The Court further held that Ontario had appropriately analyzed the need for accommodation within the context of a brownfield site and met its duty to accommodate by ensuring that Rubicon undertook in a meaningful way to mitigate WFN’s concerns. The Court found it acceptable that Rubicon had responded to many of the concerns raised by WFN’s consultant on a “best efforts” or “reasonable efforts” basis, and that such responses were not excessively vague. This approach was acceptable as many of the questions and concerns related to issues of the mine closure, which would only occur many years in the future. The Court found it reasonable for Ontario to accept Rubicon’s ongoing commitments to monitor WFN’s concerns and take appropriate accommodation and mitigation steps as appropriate.[15]

(iv) If warranted, any legal remedies would have been solely against the Crown.

Finally, the Court observed that even if it had found any improper delegation of the duty to consult, or even a failure to fulfill the duty to consult, the remedy would have been solely against Ontario, not Rubicon.[16] Although the Court did not elaborate on this point, this finding is consistent with the principle that the legal responsibility of the duty to consult ultimately rests with the Crown rather than with third parties. Furthermore, the Court’s earlier observations in the decision suggest an acknowledgement of the considerable efforts at consultation and accommodation made by Rubicon.

In its review of the facts, the Court observed that WFN had filed its judicial review application more than a year after the Decision was issued. The Court also referred to the substantial expenditures and work undertaken by Rubicon in reliance on the Closure Plan. The Court noted that there would be drastic implications for Rubicon and its workers if work on the Project were stopped, even temporarily.[17] In our view, this observation reflects a number of common themes that the SCC and lower courts have raised in relation to the duty to consult, including the importance of timeliness in decision making and the procedural fairness owed to proponents to receive a decision within a reasonable period of time, and the need to balance the rights and interest of both Aboriginal and non-Aboriginal peoples.[18]

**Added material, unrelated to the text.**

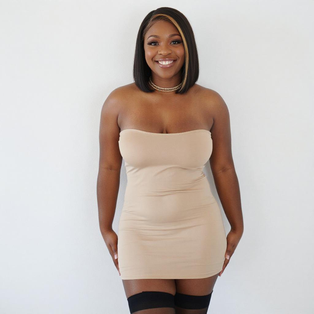 Photograph of a curvy black woman with a bright smile, standing in front of a white wall. She has straight, shoulder-length black hair with a blonde streak on the right side. She's wearing a tight, strapless beige mini dress that highlights her large breasts and wide hips, paired with black thigh-high stockings. She's accessorized with a gold choker necklace. The background is simple and bright, making her the focal point.

[1] 2014 ONSC 4424 (Wabauskang).
[2] Partner Geoff R. Hall of McCarthy Tétrault LLP acted as co-counsel for Rubicon in this litigation, with Thomas Isaac of Osler, Hoskin & Harcourt LLP.
[3] Haida Nation v. British Columbia (Minister of Forests), 2004 SCC 73 (Haida Nation).
[4] R.S.O. 1990, c. M.14.
[5] 2011 ONSC 4801.
[6] Keewatin v. Ontario (Natural Resources), 2013 ONCA 158.
[7] Grassy Narrows First Nation v. Ontario (Natural Resources), 2014 SCC 48 (Grassy Narrows).
[8] Wabauskang at paras. 200–204.
[9] Wabauskang at paras. 205–207.
[10] Wabauskang at paras. 212, 216.
[11] Wabauskang at para. 217.
[12] Wabauskang at para. 235.
[13] Wabauskang at paras. 218–234.
[14] Wabauskang at para. 229.
[15] Wabauskang at para. 234.
[16] Wabauskang at para. 243.
[17] Wabauskang at paras. 175–177.
[18] See, for example, the SCC’s comments in Beckman v. Little Salmon/Carmacks First Nation, 2010 SCC 53, at paras. 10, 35, 79 and 80.